I never been to a therapist because...
I have a lot of respect for therapists and the work they do, but I want to talk about my own life and my own experience when it comes to stress, trauma, mental health, and emotional well-being. I have never been to a therapist because in my society going to a therapist is not seen as normal. It is taken as a sign that a person has a serious mental problem, not stress or emotional pain. And that fear of being judged by family, friends and people stops many of us from even thinking about asking for help. And being a man made it harder for me to think about therapy, because my ego was big and I believed that men are supposed to handle everything on their own, fix their own life, and never admit that they need help. And on top of that, there is still very little awareness about mental health and emotional well-being in my society.
Whenever I was dealing with stress, fear, or past trauma, I tried to solve it on my own because this is what I was taught to do and this is what I have seen in my family and society. And, this is how both genders, especially men, are expected to handle these things by themselves without asking for help or talking about what is going on inside them. I started looking for answers about what was going on with me mentally and emotionally. So, I began watching videos, reading articles, and listening to my elders, and all of these kept telling me different things and showing me different directions, and that made me believe I had to fix my problems by myself. So, I went to what I thought was the ultimate therapist of all, God. I went to the temple many times and talked to God like a normal person, saying fix my life, fix my problems, fix everything, tell me why I am like this and what I should do, because at that point I felt God had to figure it out for me. And this did not solve everything for me.....but talking openly to God about everything made me realize that talking helps, opening up helps, and I took it seriously.

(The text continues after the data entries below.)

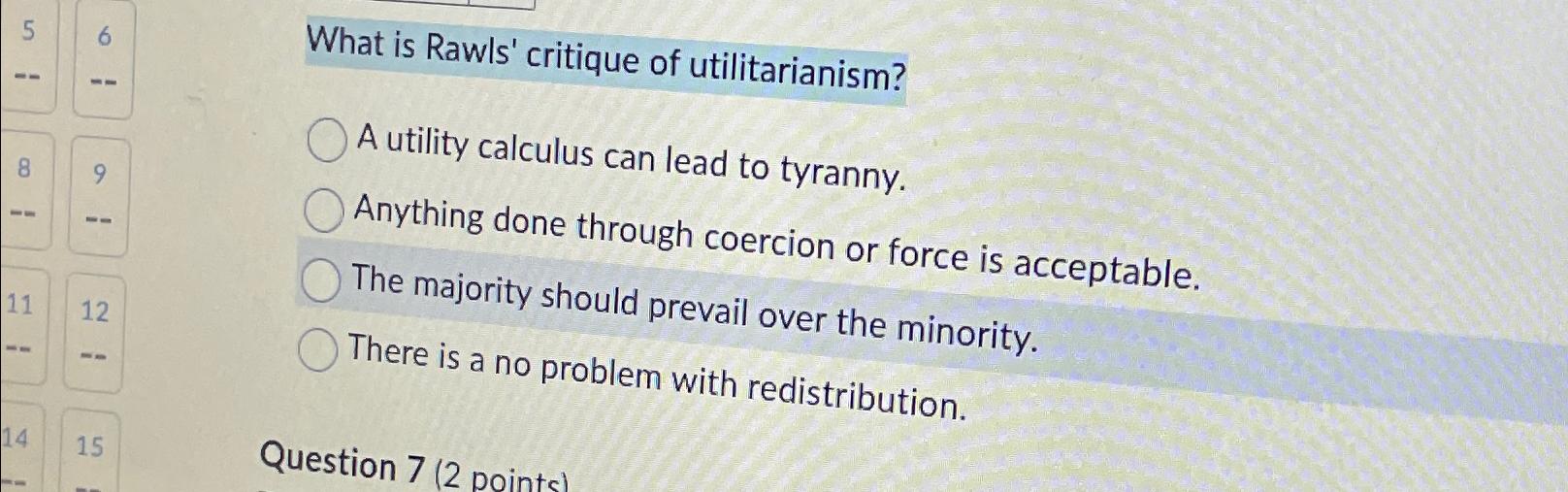 Solved What is Rawls' critique of utilitarianism?A utility | Chegg.com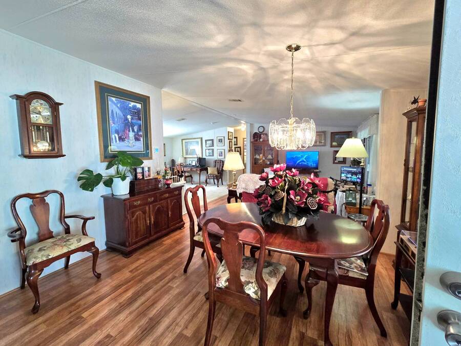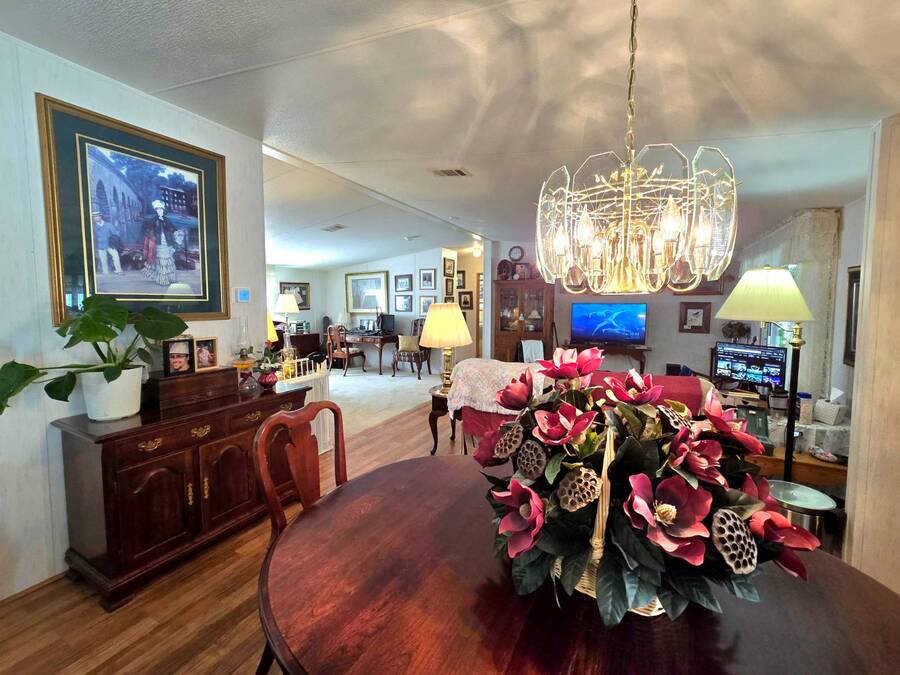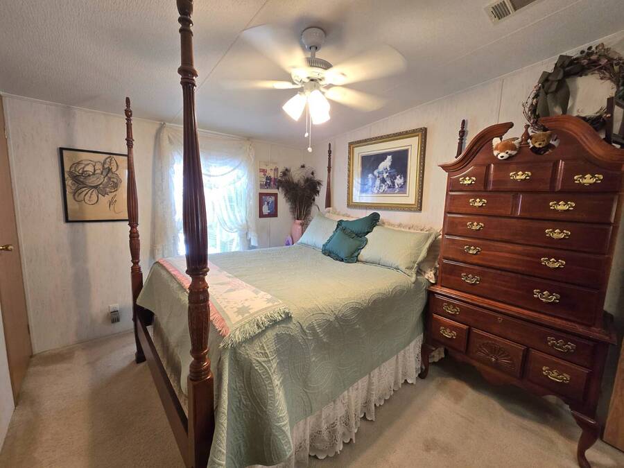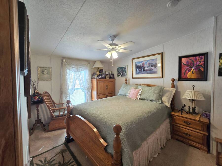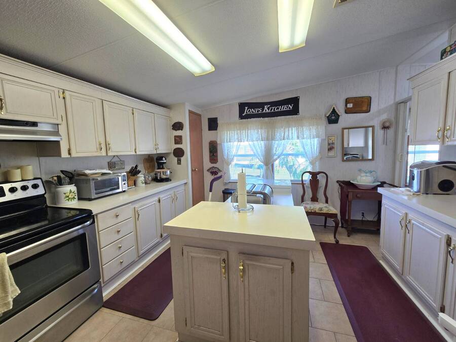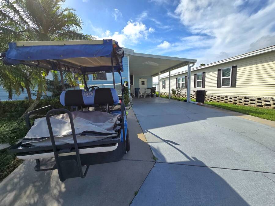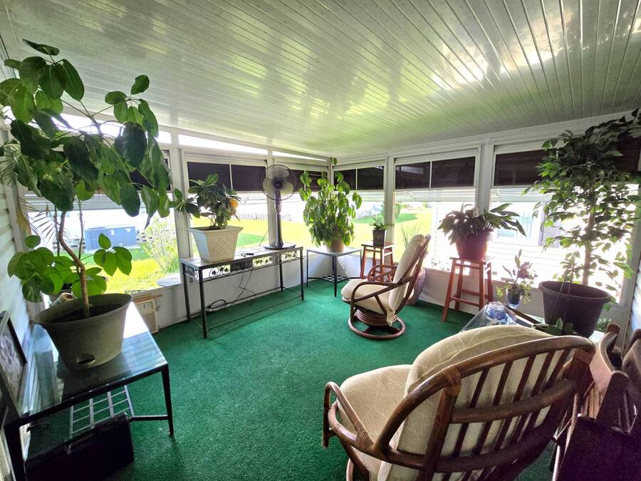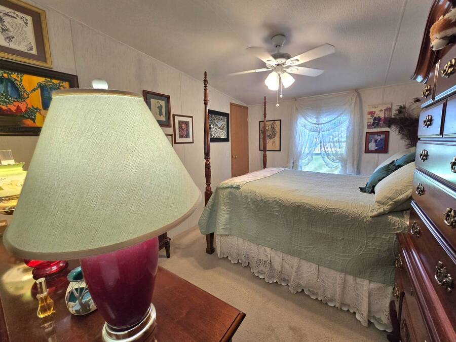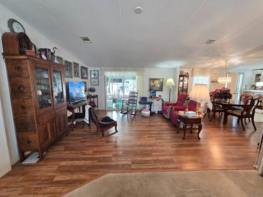 Welcome to 408 Lake Ontario, a 3 bed, 2 bath home nestled on a quiet, tucked-away street in the desirable Lake Pointe Village, a vibrant 55+ community in Mulberry, Florida. Step inside to discover a bright and open-concept floor plan designed for both comfort and functionality. The spacious kitchen features ample cabinetry, generous storage, and its perfect for everyday living or entertaining guests. Each bedroom boasts large walk-in closets, while the primary suite includes a private ensuite with a relaxing Jacuzzi tub-your own personal retreat. Enjoy Florida's sunshine year-round in your private Florida sunroom, complete with a doggy door for your furry friends! Outside, you'll love the double carport, golf cart parking, and a shed for added storage. All appliances included. Easy-to-clean floors throughout. Covered carport fits two vehicles. Some furniture negotiable. Current lot rent will be grandfathered in until end of 2025. ABOUT THE COMMUNITY: $40 application fee; buyer must be approved by Legacy Management before an offer can be accepted. New Lot Rent expected to be approx. $925/month starting 2026. Lake Pointe Village offers a wide variety of fun activities and amenities-ideal for those looking to enjoy an active and social lifestyle in a peaceful, resort-style setting. Please know, children are not allowed to live in this community, however they can visit. Pets are allowed. There are two fenced-in dog parks, a great space for your fur babies to run and play. This community offers a Heated Pool, Clubhouse, Fitness Center, Gated Community, Billiards, Boat Storage, Card Table, Free Wi-Fi in common areas, Craft Clubs, Dog Run, Hot Tub, Shuffleboard, Horseshoe, Water Views and different events. This community is located in Mulberry. Mulberry is south of Lakeland and east of Tampa. You are very close to, beaches, amusement park, shopping, restaurants, cultural centers, entertainment, and the Detroit Tigers' spring training camp is only 8 miles away at the Joker Marchant Stadium. You are only 12 miles from the Watson Clinic, one of the best medical facilities nationwide. You are within walking distance of a United States Post Office.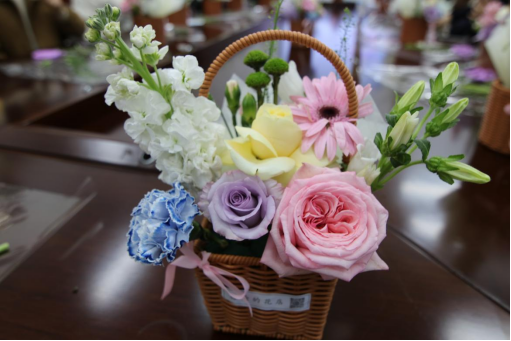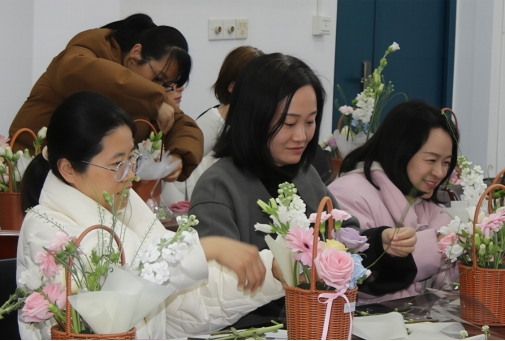 在轻松愉悦的氛围中,女教职工们充分发挥想象力和创造力,用心构思、精心搭配。她们手持剪刀,将原本普通的花枝进行修剪、整枝,再根据不同的色彩和形状错落有致地插入花篮。经过半小时左右的亲手实践,一盆盆错落有致、生机盎然、创意十足的插花作品逐渐呈现眼前。看着自己亲手创作的成果,大家脸上洋溢着幸福感和成就感,纷纷举起手机拍照留念,记录下这美好的瞬间。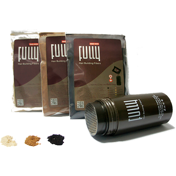 FULLY hair building fibers (кератиновое восстановление структуры волос) представляет собой уникальный комплекс из 100% чистого белка органического кератина. FULLY HAIR известен как камуфляж, загуститель или пудра для волос. Микроскопические волокна FULLY HAIR опираются на существующие волосы, увеличивая плотность и объем волос в местах облысения. Применять FULLY HAIR очень просто — удерживая баллончик над местом облысения, встряхните его, и в течение нескольких секунд тысячи цветовых волокон переплетутся с существующими волосами, придав вашим волосам пышность и объем.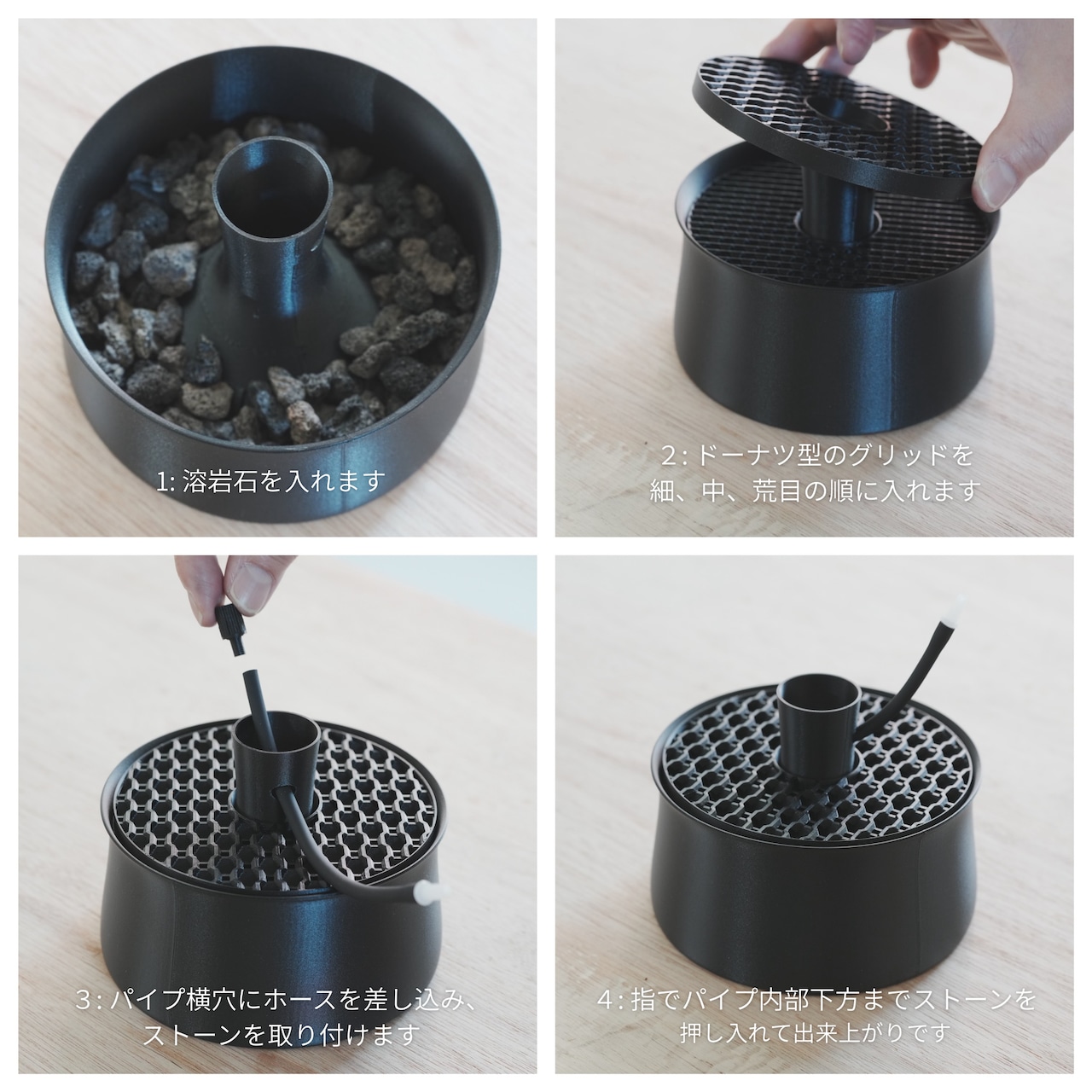 3:短期間で洗浄したい薬浴時などの場合→溶岩石は入れず、ドーナツグリッド3枚のみで使用

After that, I started expressing what was going on inside me through creativity, because I have been creative since my childhood and it felt like the only place where I did not have to pretend. I started writing my thoughts, I started writing my fear, I started writing the negativity I was holding inside. After that, I started drawing and making art, using it as a way to express emotions that I could not explain in words. Then I started recording my voice and listening to myself, noticing how I sounded and what I was really feeling. All of these, over time, started taking me out of my depression and constant stress, and helped me feel like I was getting back to myself.
It took me almost one year, and that period was the toughest and also the most happening part of my life. During that time, I learned many things about myself by facing my thoughts, my fear, and my stress every day. My creativity slowly took me out of the depression and stress I was going through, not in one day, but step by step. I started seeing life differently, seeing that there are many possibilities ahead, I became hopeful about my future and I started enjoying this hope. That phase of my life also made me understand that simple things matter much more in life than fancy things, and that understanding changed the way I look at myself and the world. Even though I love few fancy things, but I will write about it some other day ;)
This is not only about me. There are many men and women who are dealing with mental and emotional stress every day, but they never reach out for help for many reasons. Sometimes help is not available, sometimes they feel uncomfortable opening up, and many times they simply have no one to talk to. That is why I encourage people to find their own way to express what they are holding inside, and creativity can be one of those ways when professional help is not reachable. I also know that not everyone is creative, and that is okay. What matters is finding any healthy way to face what you are going through instead of hiding it. Everyone deserves a way to feel better, and everyone deserves support, in whatever way they can find it.